I'd like the data below restated word for word, with the pictures left out.

### [GIVEN INFORMATION]

+++

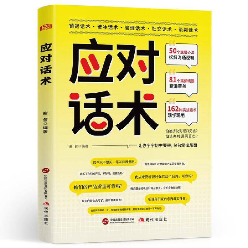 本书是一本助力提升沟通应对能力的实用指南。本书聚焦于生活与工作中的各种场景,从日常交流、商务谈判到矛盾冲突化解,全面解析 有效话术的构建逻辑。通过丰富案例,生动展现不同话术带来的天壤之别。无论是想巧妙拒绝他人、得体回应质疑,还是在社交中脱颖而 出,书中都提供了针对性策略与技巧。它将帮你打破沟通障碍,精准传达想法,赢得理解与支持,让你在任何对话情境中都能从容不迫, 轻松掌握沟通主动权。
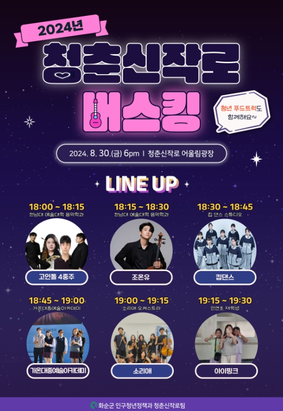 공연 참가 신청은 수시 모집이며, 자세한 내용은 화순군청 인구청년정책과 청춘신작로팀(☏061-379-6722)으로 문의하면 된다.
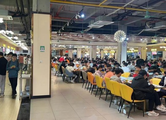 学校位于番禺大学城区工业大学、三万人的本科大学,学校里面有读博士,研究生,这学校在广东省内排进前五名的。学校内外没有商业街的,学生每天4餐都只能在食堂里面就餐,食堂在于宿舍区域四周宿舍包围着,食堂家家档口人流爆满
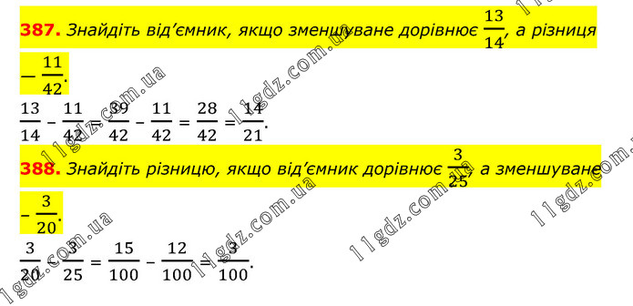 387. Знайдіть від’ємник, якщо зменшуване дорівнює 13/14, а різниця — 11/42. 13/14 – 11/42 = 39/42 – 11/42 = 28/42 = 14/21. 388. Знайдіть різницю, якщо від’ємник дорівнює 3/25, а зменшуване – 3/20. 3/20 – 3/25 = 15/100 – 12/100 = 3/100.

+++

### [EXERCISE OUTPUT]
 本书是一本助力提升沟通应对能力的实用指南。本书聚焦于生活与工作中的各种场景,从日常交流、商务谈判到矛盾冲突化解,全面解析 有效话术的构建逻辑。通过丰富案例,生动展现不同话术带来的天壤之别。无论是想巧妙拒绝他人、得体回应质疑,还是在社交中脱颖而 出,书中都提供了针对性策略与技巧。它将帮你打破沟通障碍,精准传达想法,赢得理解与支持,让你在任何对话情境中都能从容不迫, 轻松掌握沟通主动权。
 공연 참가 신청은 수시 모집이며, 자세한 내용은 화순군청 인구청년정책과 청춘신작로팀(☏061-379-6722)으로 문의하면 된다.
 学校位于番禺大学城区工业大学、三万人的本科大学,学校里面有读博士,研究生,这学校在广东省内排进前五名的。学校内外没有商业街的,学生每天4餐都只能在食堂里面就餐,食堂在于宿舍区域四周宿舍包围着,食堂家家档口人流爆满
 387. Знайдіть від’ємник, якщо зменшуване дорівнює 13/14, а різниця — 11/42. 13/14 – 11/42 = 39/42 – 11/42 = 28/42 = 14/21. 388. Знайдіть різницю, якщо від’ємник дорівнює 3/25, а зменшуване – 3/20. 3/20 – 3/25 = 15/100 – 12/100 = 3/100.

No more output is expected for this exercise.